• [Instructions to follow]
Print, exactly as they stand, the lines below from the one that has "Arkham的数据还显示,不" to the one that has "С помощью надстройки", inclusive, leaving out the pictures.

• [Working data]
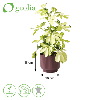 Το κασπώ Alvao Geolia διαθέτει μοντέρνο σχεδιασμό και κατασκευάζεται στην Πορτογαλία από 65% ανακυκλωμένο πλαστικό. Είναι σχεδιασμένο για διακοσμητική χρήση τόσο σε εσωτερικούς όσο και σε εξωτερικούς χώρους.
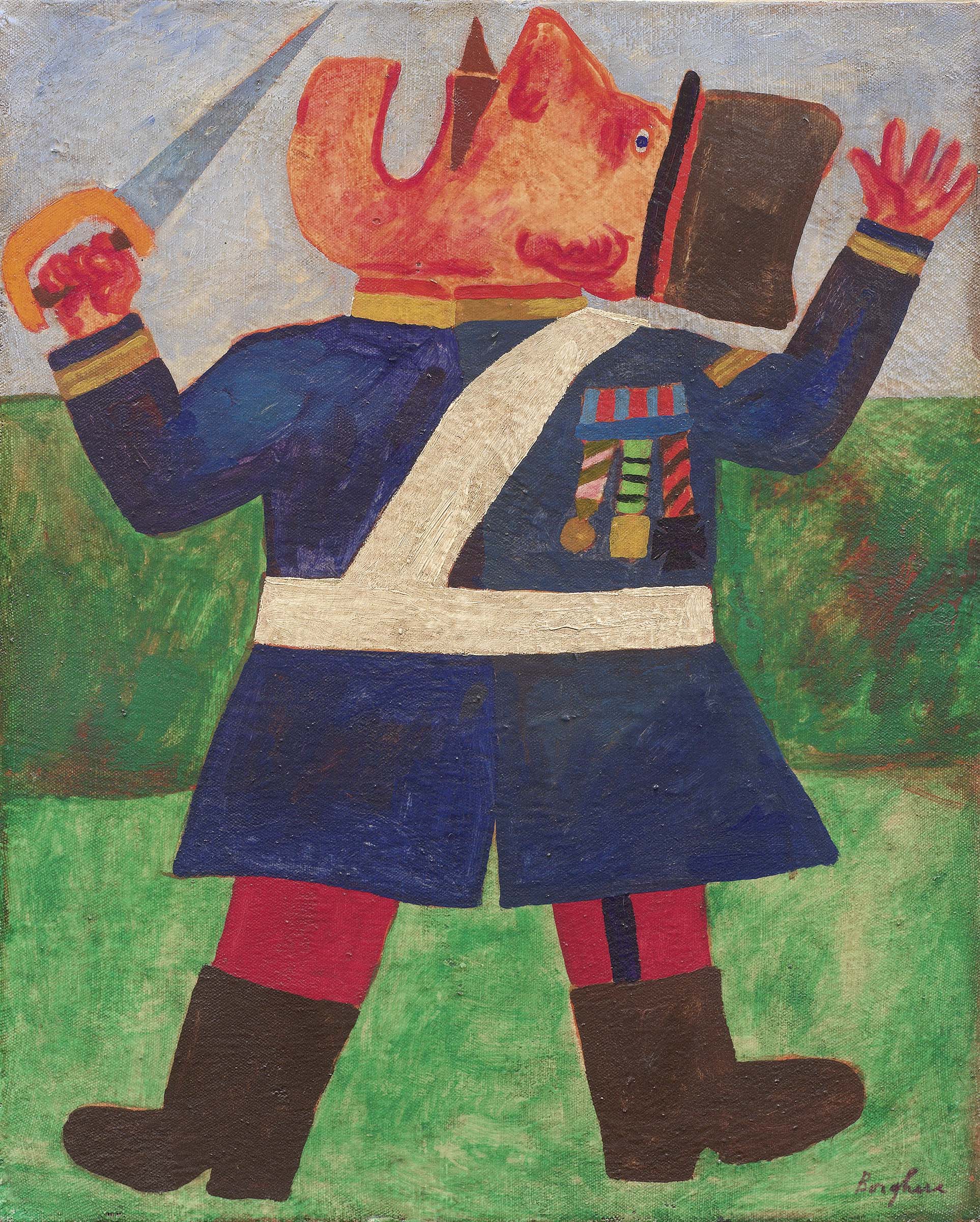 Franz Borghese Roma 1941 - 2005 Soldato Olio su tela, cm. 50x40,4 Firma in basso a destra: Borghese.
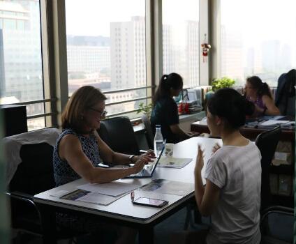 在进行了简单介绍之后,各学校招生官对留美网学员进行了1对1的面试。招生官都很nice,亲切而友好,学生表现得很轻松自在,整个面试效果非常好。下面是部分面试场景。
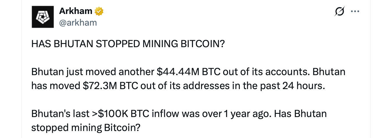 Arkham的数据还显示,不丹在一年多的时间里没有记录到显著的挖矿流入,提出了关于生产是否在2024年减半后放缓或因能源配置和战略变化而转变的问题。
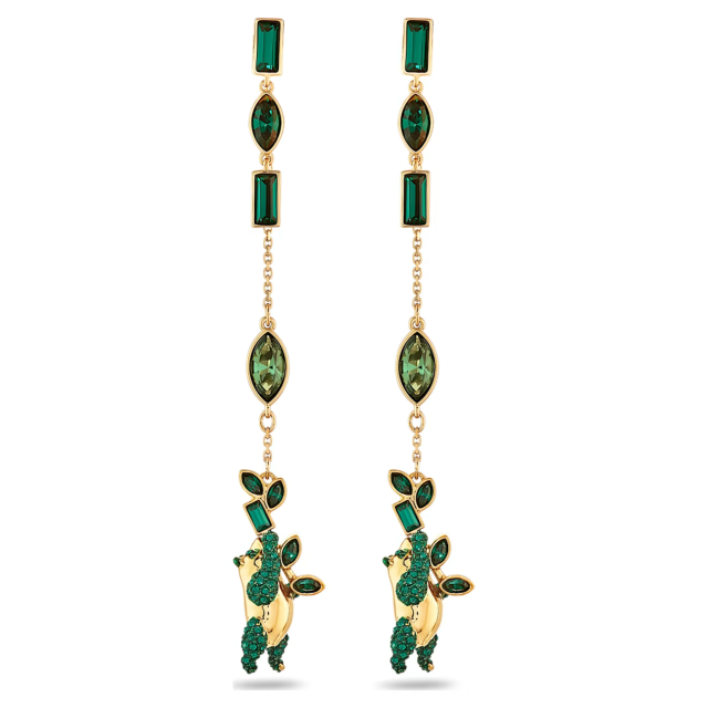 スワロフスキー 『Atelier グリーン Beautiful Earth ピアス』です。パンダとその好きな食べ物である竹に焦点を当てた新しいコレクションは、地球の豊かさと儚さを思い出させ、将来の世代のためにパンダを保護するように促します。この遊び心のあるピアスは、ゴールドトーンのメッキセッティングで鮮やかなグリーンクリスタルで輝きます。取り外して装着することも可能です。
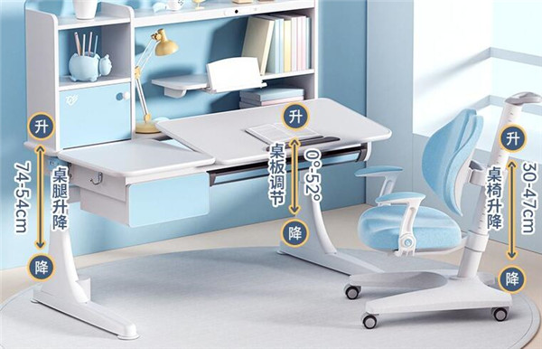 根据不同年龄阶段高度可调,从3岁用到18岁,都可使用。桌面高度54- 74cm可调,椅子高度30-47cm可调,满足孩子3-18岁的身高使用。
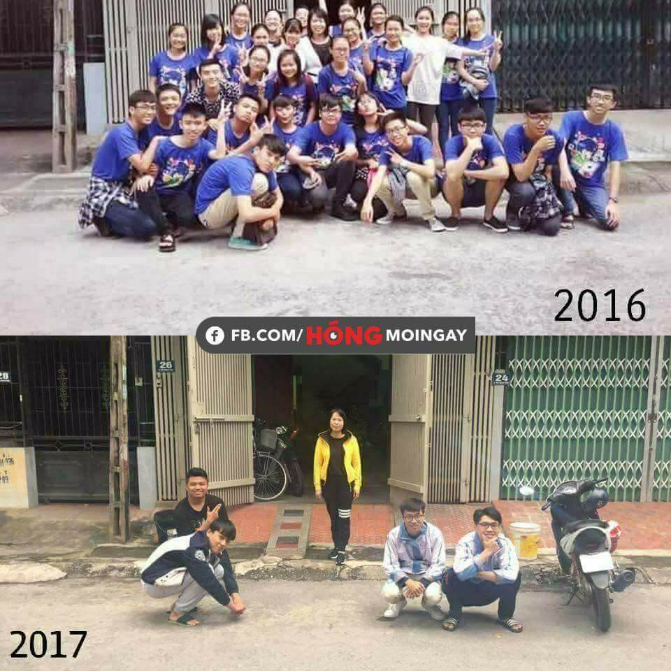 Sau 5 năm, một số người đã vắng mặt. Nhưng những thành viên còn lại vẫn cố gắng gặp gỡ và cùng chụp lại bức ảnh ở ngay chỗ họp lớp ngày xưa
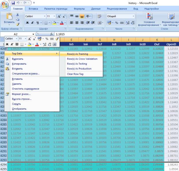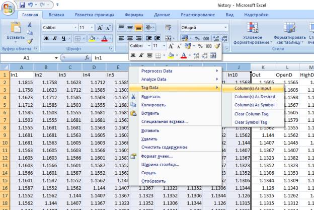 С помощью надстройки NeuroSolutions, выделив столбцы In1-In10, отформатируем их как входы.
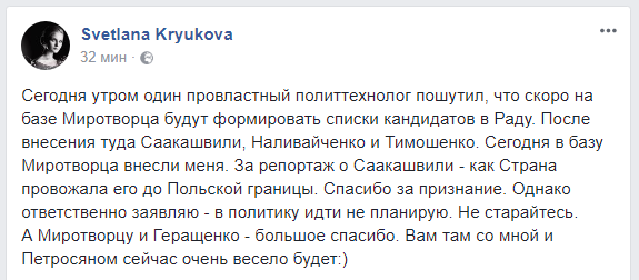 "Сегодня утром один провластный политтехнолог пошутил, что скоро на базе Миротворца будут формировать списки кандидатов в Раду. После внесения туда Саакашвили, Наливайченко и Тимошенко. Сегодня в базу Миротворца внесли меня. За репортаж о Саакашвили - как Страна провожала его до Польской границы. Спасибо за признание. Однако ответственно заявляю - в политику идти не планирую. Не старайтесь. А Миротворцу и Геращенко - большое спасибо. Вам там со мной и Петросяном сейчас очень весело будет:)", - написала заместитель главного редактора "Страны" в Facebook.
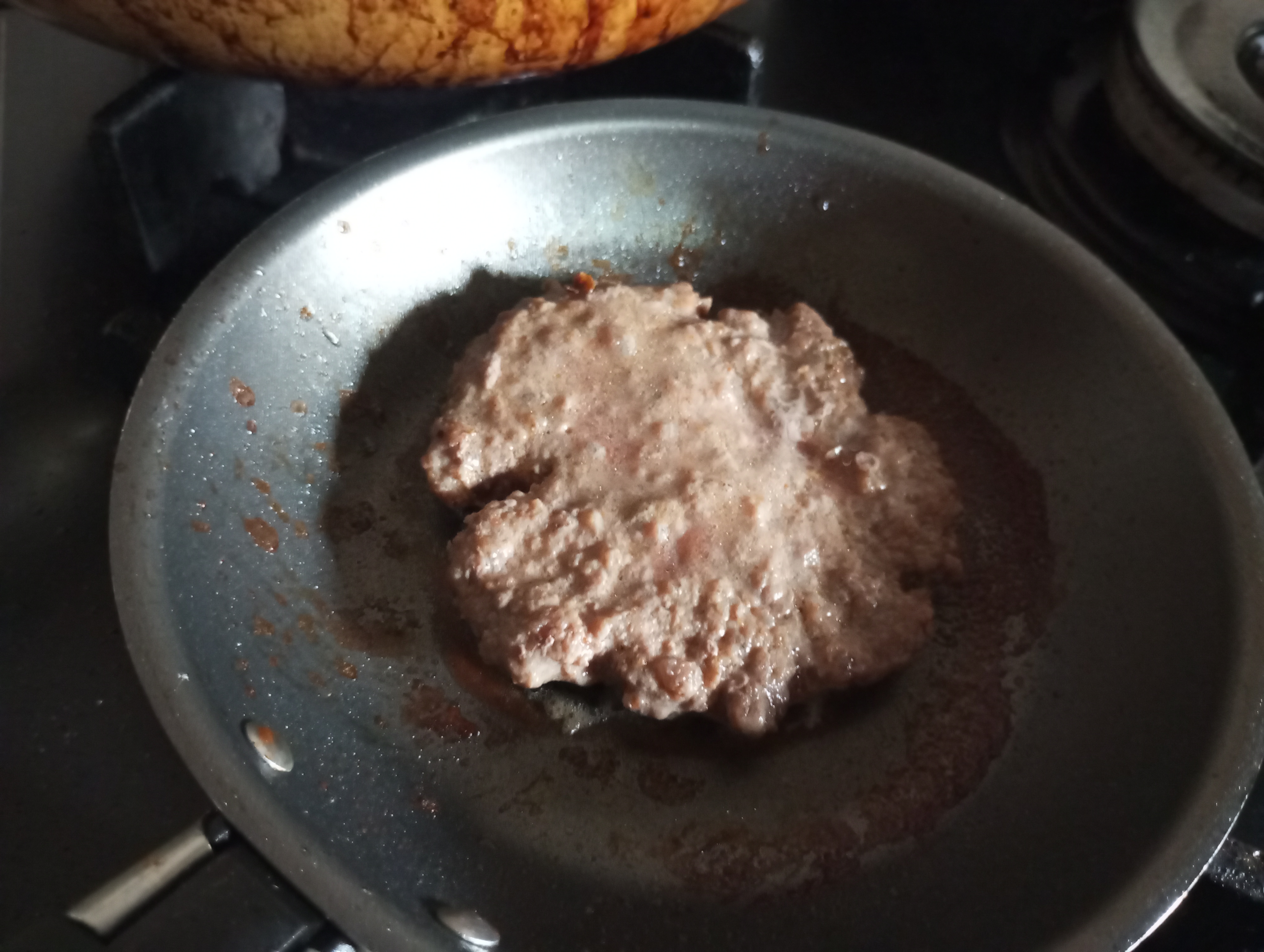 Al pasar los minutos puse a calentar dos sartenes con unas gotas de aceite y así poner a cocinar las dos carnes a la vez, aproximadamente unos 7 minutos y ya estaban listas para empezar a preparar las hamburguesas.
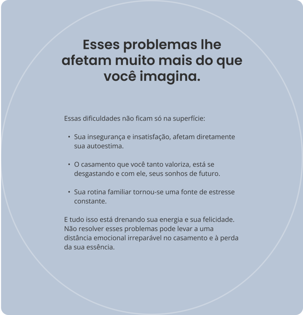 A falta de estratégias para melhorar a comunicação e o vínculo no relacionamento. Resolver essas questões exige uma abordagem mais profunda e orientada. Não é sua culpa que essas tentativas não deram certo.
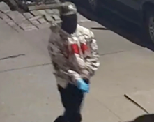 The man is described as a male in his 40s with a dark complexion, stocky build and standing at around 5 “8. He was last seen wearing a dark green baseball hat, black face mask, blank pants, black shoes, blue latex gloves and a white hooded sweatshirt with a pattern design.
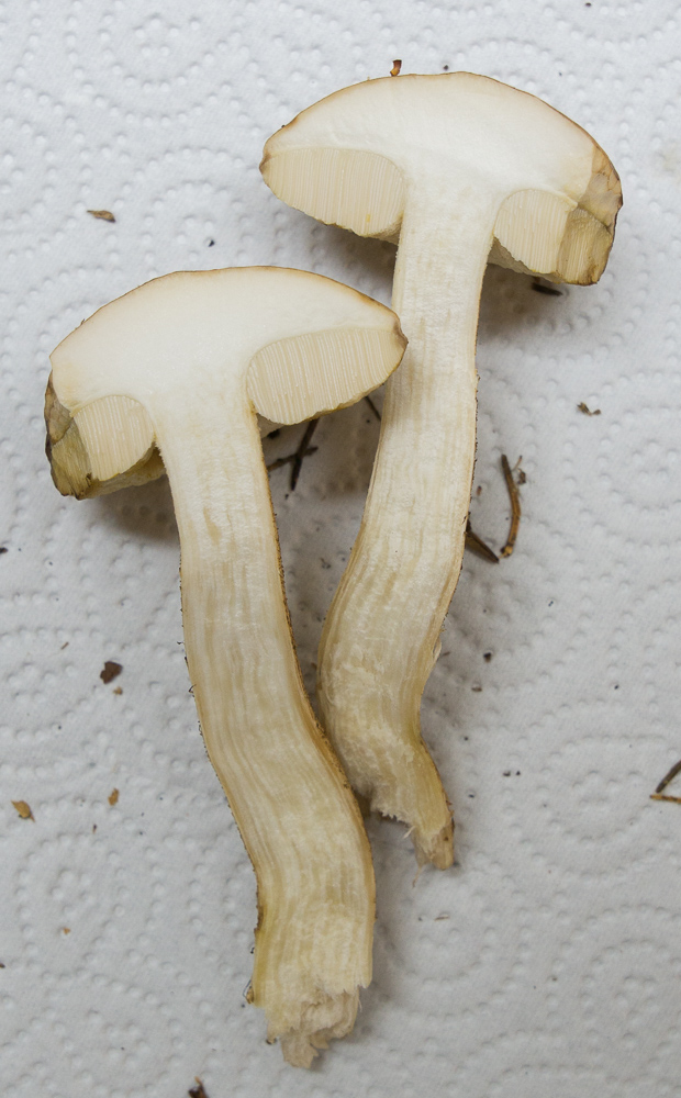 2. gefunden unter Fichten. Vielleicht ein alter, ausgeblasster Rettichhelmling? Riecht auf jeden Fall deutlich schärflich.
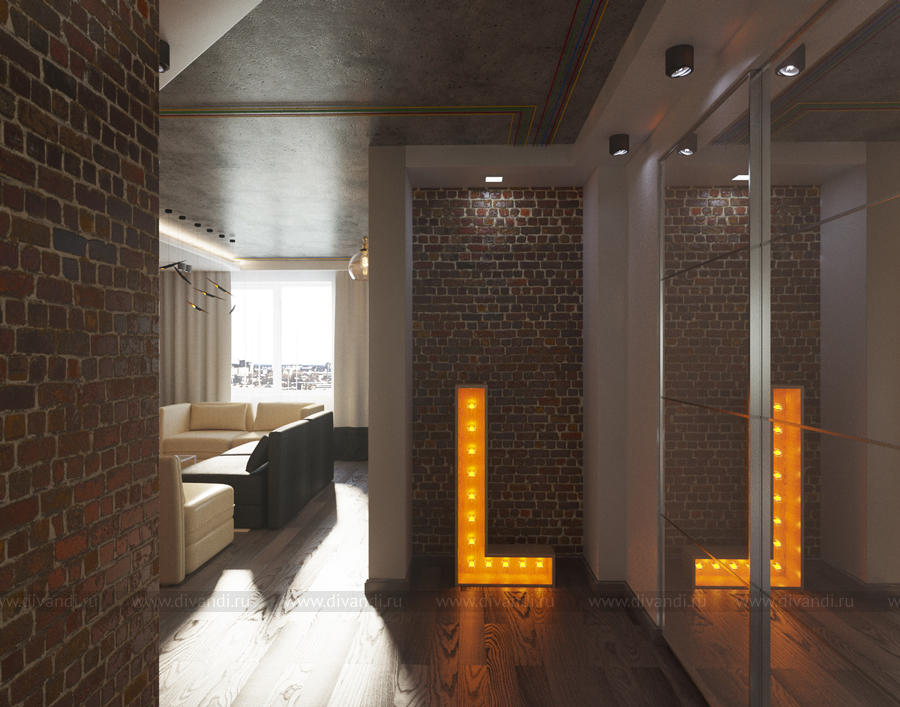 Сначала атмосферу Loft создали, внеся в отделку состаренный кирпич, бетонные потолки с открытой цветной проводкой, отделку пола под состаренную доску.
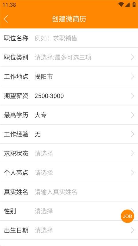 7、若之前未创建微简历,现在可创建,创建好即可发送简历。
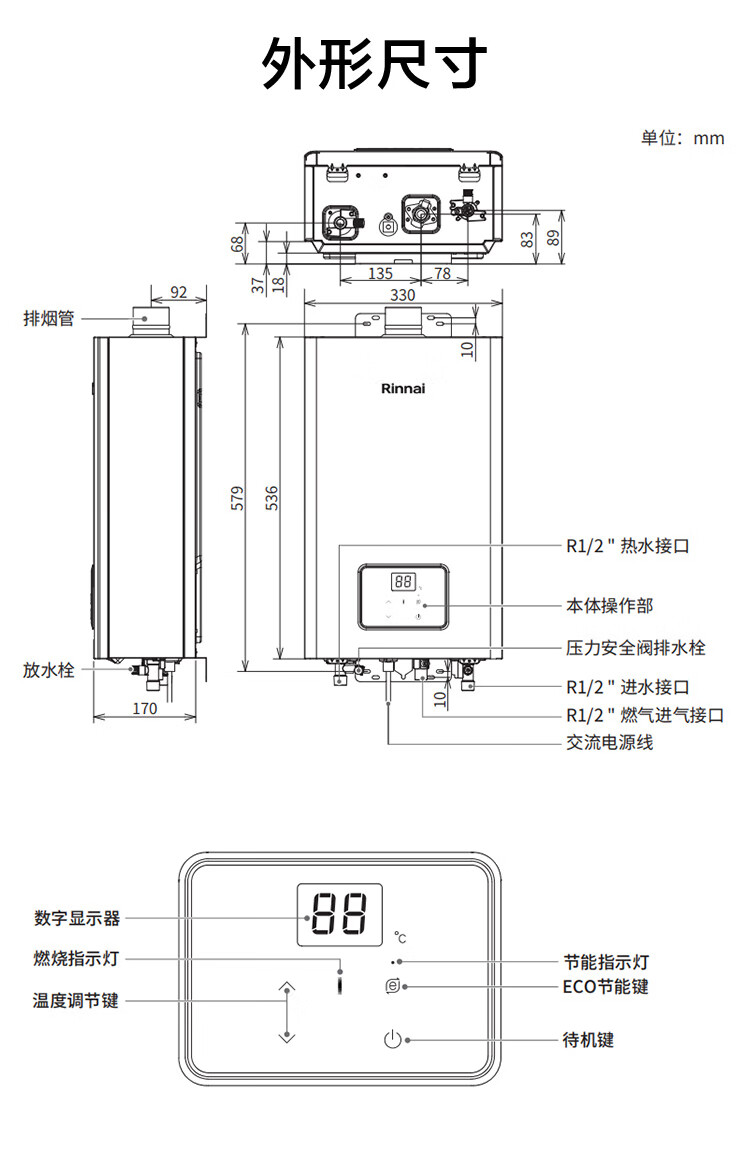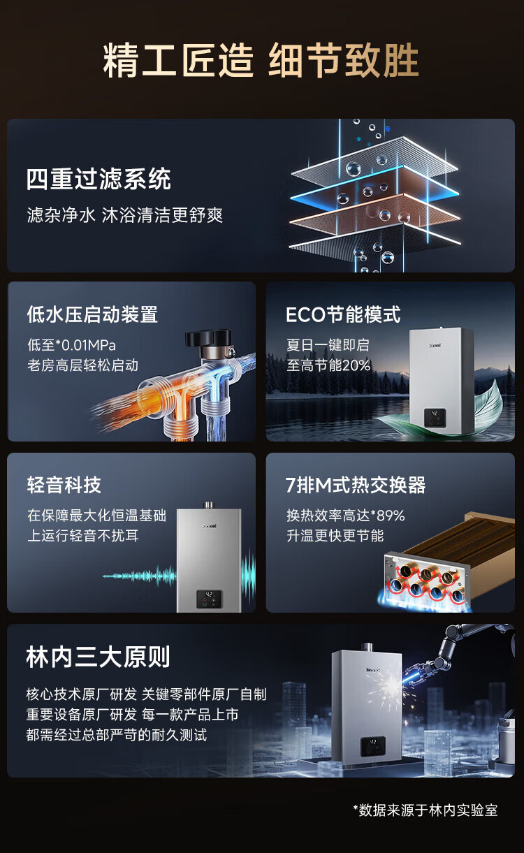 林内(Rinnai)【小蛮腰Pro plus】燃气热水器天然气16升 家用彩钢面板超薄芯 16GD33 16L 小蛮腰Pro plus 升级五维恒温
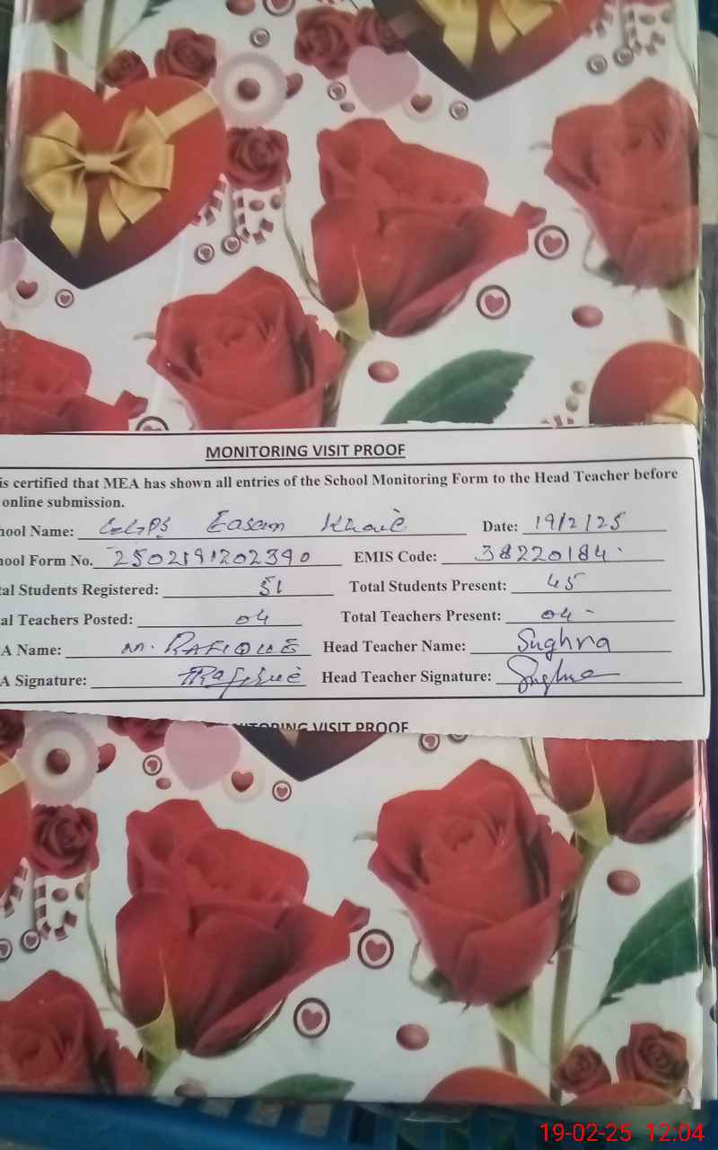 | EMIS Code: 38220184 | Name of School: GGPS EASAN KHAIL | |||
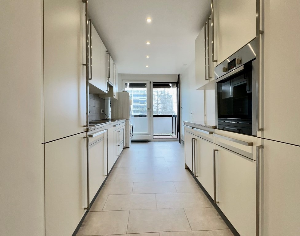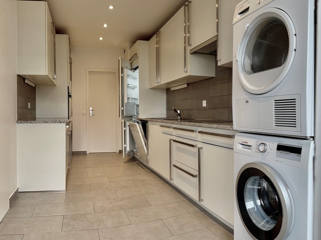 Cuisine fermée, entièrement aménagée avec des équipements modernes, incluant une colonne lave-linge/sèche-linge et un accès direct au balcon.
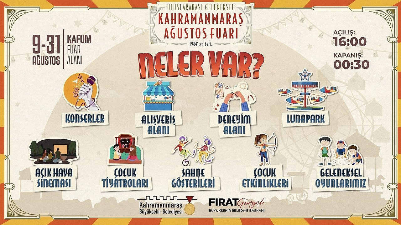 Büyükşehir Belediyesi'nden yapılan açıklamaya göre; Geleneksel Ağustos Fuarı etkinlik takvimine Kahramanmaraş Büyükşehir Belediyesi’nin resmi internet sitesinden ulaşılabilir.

• [Solution]
 Arkham的数据还显示,不丹在一年多的时间里没有记录到显著的挖矿流入,提出了关于生产是否在2024年减半后放缓或因能源配置和战略变化而转变的问题。
 スワロフスキー 『Atelier グリーン Beautiful Earth ピアス』です。パンダとその好きな食べ物である竹に焦点を当てた新しいコレクションは、地球の豊かさと儚さを思い出させ、将来の世代のためにパンダを保護するように促します。この遊び心のあるピアスは、ゴールドトーンのメッキセッティングで鮮やかなグリーンクリスタルで輝きます。取り外して装着することも可能です。
 根据不同年龄阶段高度可调,从3岁用到18岁,都可使用。桌面高度54- 74cm可调,椅子高度30-47cm可调,满足孩子3-18岁的身高使用。
 Sau 5 năm, một số người đã vắng mặt. Nhưng những thành viên còn lại vẫn cố gắng gặp gỡ và cùng chụp lại bức ảnh ở ngay chỗ họp lớp ngày xưa
 С помощью надстройки NeuroSolutions, выделив столбцы In1-In10, отформатируем их как входы.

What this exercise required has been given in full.